Advanced Evaluation of Ontologies
- RG40: All of the methods we introduce for analyzing knowledge subjects for similarity or identity are based on the Features that we formally introduce. Compared to other possible uses of the term feature, we always use features to denote property-value pairs. On this basis, two fundamentally different similarity measures can then be defined, namely that for the similarity of abstract concepts on the Schema Layer and that for the similarity of concrete knowledge subjects on the Particulars Layer.

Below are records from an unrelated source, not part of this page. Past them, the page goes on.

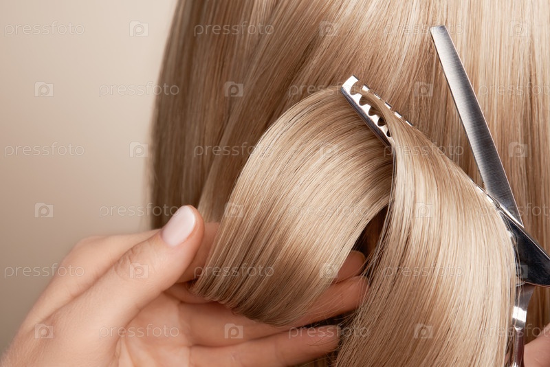 Парикмахерская режет длинные блондинки ножницами
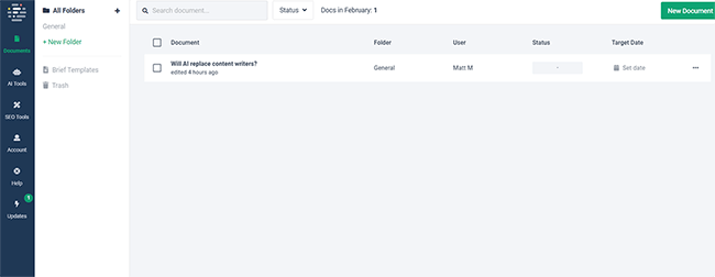 From the side navigation bar, you can access all the AI and SEO tools you need. And you can manage your projects from the Documents page.
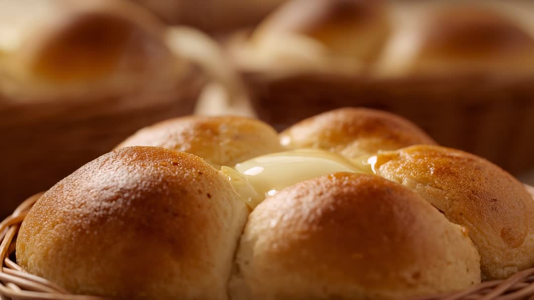 - Warm pull-apart dinner rolls with melting butter spreading across golden crust in wicker basket
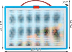 Ši kūrybinė mozaika su smeigtukais atveria vaikams spalvingą kūrybos pasaulį. Iš spalvotų smeigtukų lengvai gimsta drugeliai, gėlės ar saviti originalūs raštai. Rinkinys patogiame lagaminėlyje leidžia paprastai pernešti ir laikyti visas dalis, tad niekas nepasimes, o pramoga gali prasidėti bet kada ir bet kur.
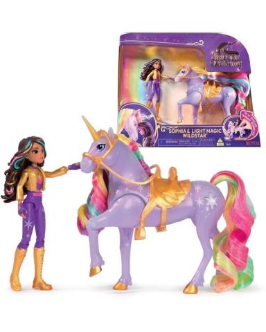 UNICORN ACADEMY SOPHIA&WILDSTAR LUMIERE La licorne illumine le sol de ses pouvoirs magiques avec une lumière arc-en-ciel. Utilise la brosse pour lui faire d...
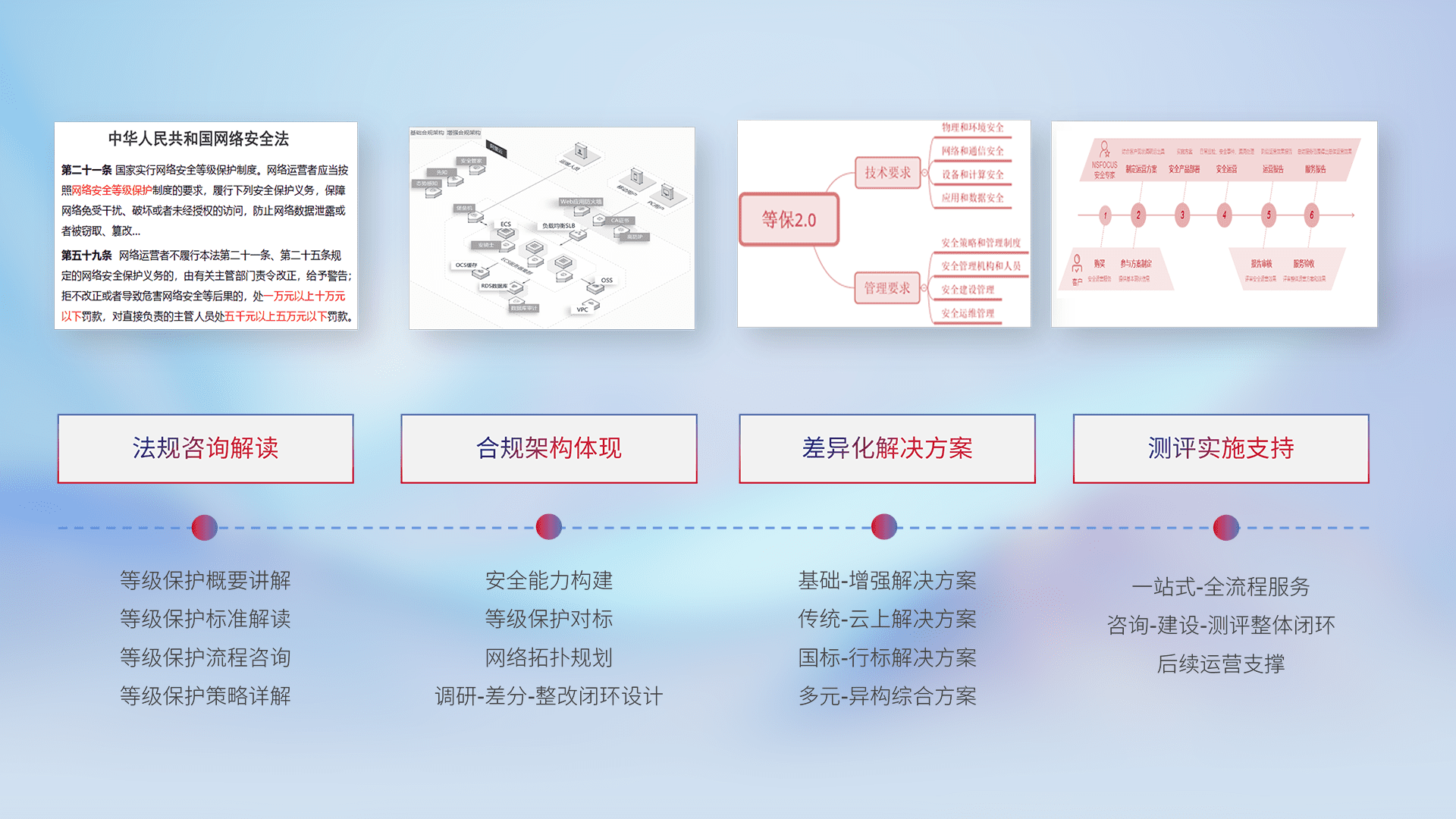 通过专业的法律咨询解读、、、、合规架构体现、、、差异化解决方案、、、、测试实施支持等服务,,为客户量身打造等保合规体系。。。。
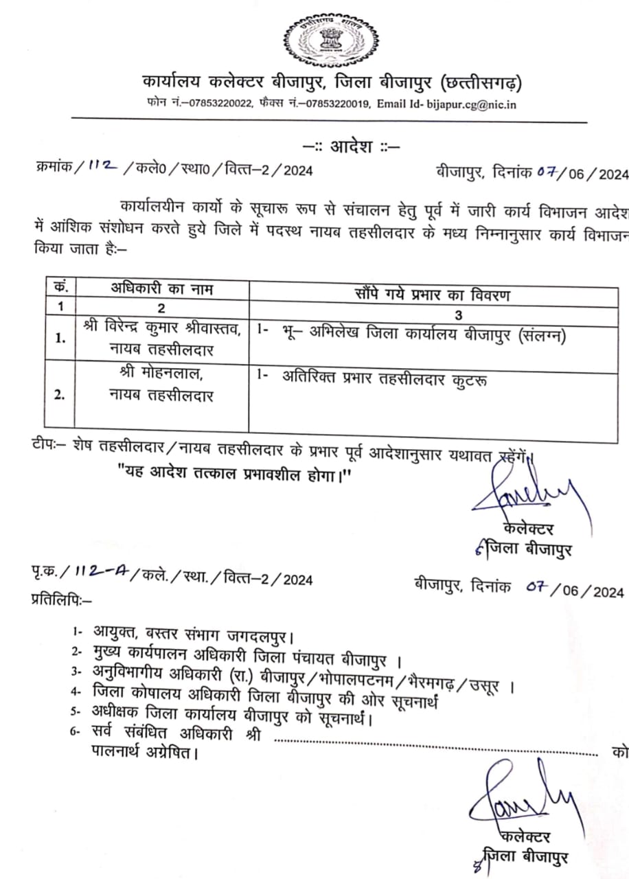 जिले के कलेक्टर अनुराग पाण्डेय ने प्रशासनिक व्यवस्था के तहत कुटरू तहसीदार वीरेंद्र श्रीवास्तव को हटा कर उनके स्थान पर मोहन लाल नायब तहसीलदार को प्रभार दिया है। जारी आदेश में कहा है कि कार्यालयीन कार्यो के सूचारू रूप से संचालन हेतु पूर्व में जारी कार्य विभाजन आदेश में आंशिक संशोधन करते हुये जिले में पदस्थ नायब तहसीलदार में कार्य विभाजन किया जाता है।
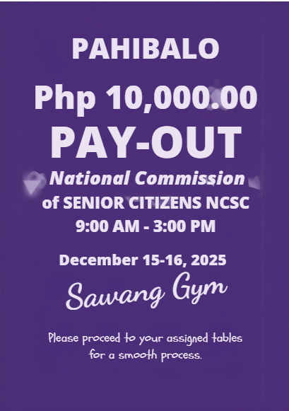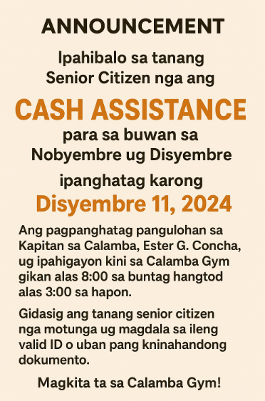 π’ ANNOUNCEMENTIpahibalo sa tanang Senior Citizen nga ang CASH ASSISTANCE para sa buwan sa Nobyembre ug Disyembre ipanghatag karong Disyembre
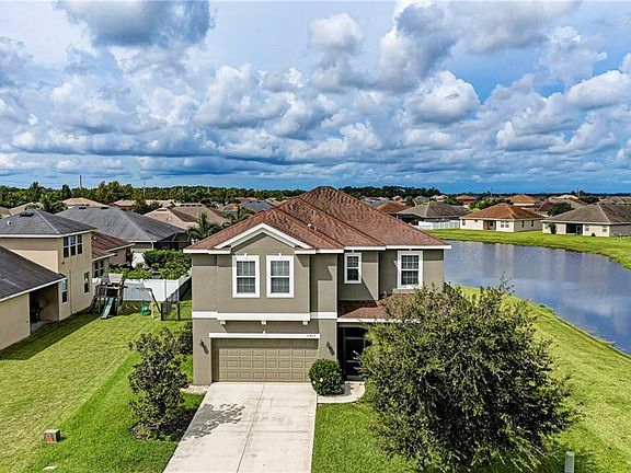 One or more photo(s) has been virtually staged. Gorgeous 4/3 with a den and huge bonus room that is located in a gated community on an oversized - fenced lot with pond view. Home has been prepared and painted inside and out so you don't have to. Kitchen has dark cherry cabinets, granite countertops, corner pantry and a center island overlooking the great room. There is a den, guest room and full bath on the first level of this home. Great room is equipped with surround sound speakers. The upstairs has another entertaining space with a large bonus room that can easily become a theatre room or game room. All bedrooms upstairs are spacious and guest rooms have a bathroom between them. The laundry room is located upstairs for ease and convenience with included front load washer and dryer. Community offers clubhouse, resort style pool, fitness center, playground, sports court and one more pool in phase 2. HOA FEE includes basic cable and internet and community also has reclaimed water. New elementary and high schools opened last year and are just outside of the community which makes Copperstone a great choice.
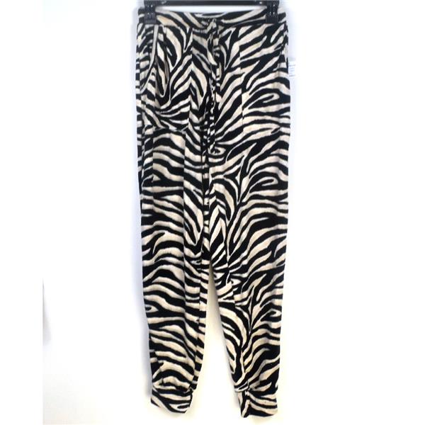 - Animal print velour Jogger style pull on pants with comfort waistband and drawstring, front pockets, and cuff hem
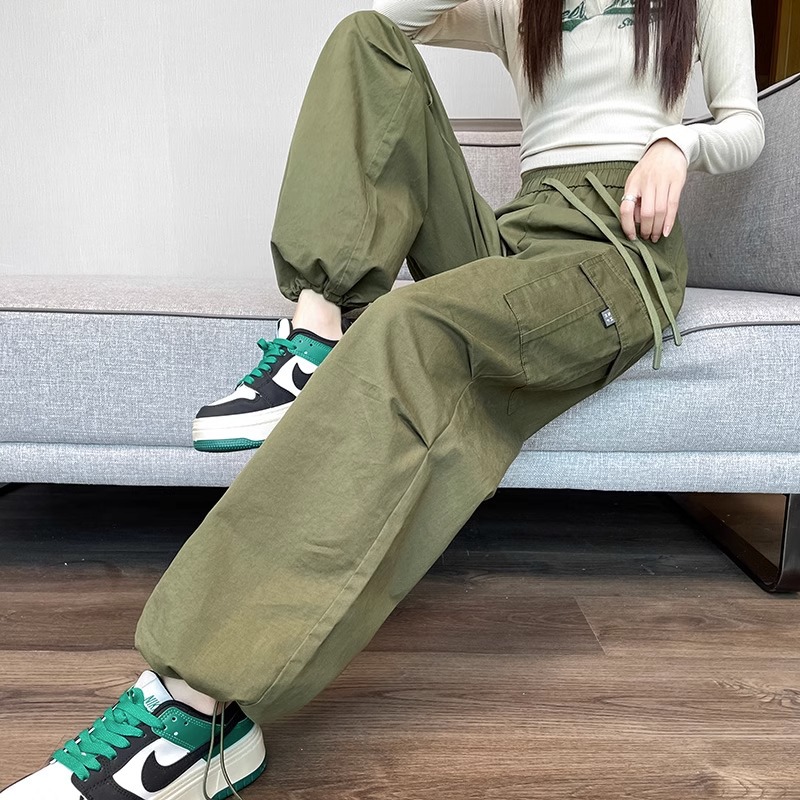 작업복 여성 2025 년 새 봄 느슨한 높은 허리 발 그리기 미국 스타일 짧은 넓은 다리 등산 스포츠 바지스토어 가기
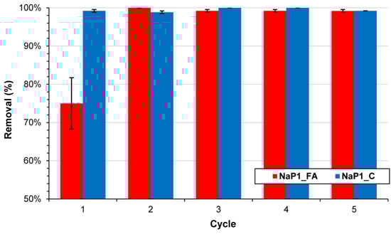 The regeneration possibility and stability of NaP1_FA and NaP1_C adsorbents are important for their future use. To evaluate the reusability of these adsorbents, a total of five adsorption/desorption cycles were conducted, and the results are presented in Figure 9. The adsorbents were rinsed once with ethanol after each adsorption cycle and then reused for the next adsorption step [73,80]. The results showed that there is no significant decrease in EA removal efficiency after five cycles of regeneration, suggesting that both adsorbents are stable and can be further reused.
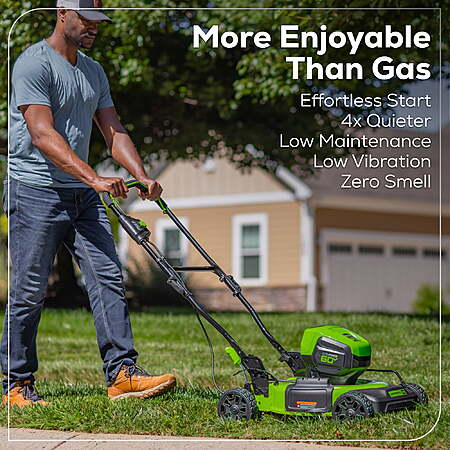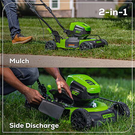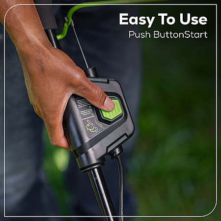 Product Description: | Experience the next level of lawn care with the Greenworks 60V 19” Cordless Battery Push Lawn Mower. Tackle tall grass effortlessly with its heavy-duty stamped steel 19” deck size. Say goodbye to cord yanking with the convenient push-button start, making mowing a hassle-free task. Its 2-in-1 design allows for easy mulching and side discharge, giving you versatile options for maintaining your lawn. Equipped with intelligent brushless motor technology, this mower delivers 2x more torque, increased power, extended runtimes, and quiet operation while ensuring an extended motor life. Utilize the power of the 5.0Ah battery that fuels not just this mower but also over 75 other 60V products, offering convenience and efficiency for a range of yard tasks. Say hello to convenience and goodbye to hassle with the Greenworks 60V 19” Cordless Battery Push Lawn Mower. Zero gas smell. Zero pull cords. Zero maintenance. Zero pollution breathed. Zero time wasted. Greenworks 60V 19" Cordless Battery Push Lawn Mower: 19" Deck Size - Heavy-duty stamped steel plows through the tallest grass Push Button Start - Press and mow, no more cord yanking 2-in-1 Design - for easy mulching and side discharge Intelligent Brushless Motor Technology - 2x more torque, more power, longer runtimes, quiet operation, and extended motor life Battery Powers 75+ 60V Products - One battery to mow, blow, cut, trim, cultivate, and more |
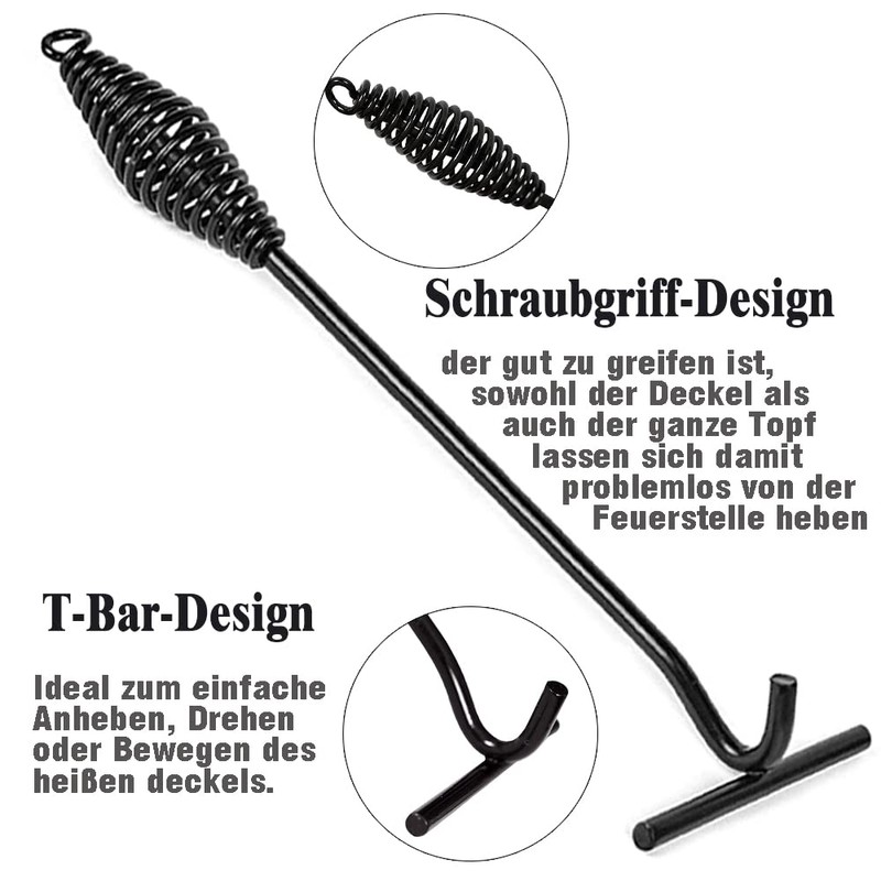 - The T-bar design is ideal for easily lifting, turning or moving the hot lid. Non-slip handle shape that is easy to grip. Both the lid and the whole pot can be easily lifted from the fireplace.

- RG41: The definition of quality dimensions is the prerequisite for the arrangement of knowledge subjects in n-dimensional conceptual spaces. On this basis, the absolute and relative similarity measures ksd(u,w) and ksdr(u,w) are then defined by us to determine the distances from concrete knowledge subjects (particulars). In the Detecting Concept Similarities section, we show how people's growth over time can be used to compare individual people.
- RG42: The similarity of abstract knowledge subjects of the schema layer is determined using the similarity measure Concept Similarity. For this purpose, only the property definitions of the term are used, i.e. which characteristics make up a concept, but NOT the values of the characteristics as with the quality dimensions. The graphic below the Feature Similarity Space then shows the percentage of similarity between two abstract concepts, with the X-axis indicating the number of features defined for this concept. Here, for example, Bird (BD) and GoldenEagle (GE) have a similarity of 76.4%. See Prototypes for an explanation of how this can be used to find prototypes of concepts. For bear (BR), brown bear is more representative than panda bear (PDB), panda bear more representative than polar bear (PLB).
- RG43: The Knowledge Subject Equivalence axiom defines when two knowledge subjects are identical. The equivalence axiom can be used to detect possible inconsistencies in the knowledge repository. Knowledge subjects with different identifiers should usually also be different. The Knowledge Subject Equivalence Axiom we defined is a generalization of the Identity Criterion. The latter merely detects the identity with regard to a specific property P.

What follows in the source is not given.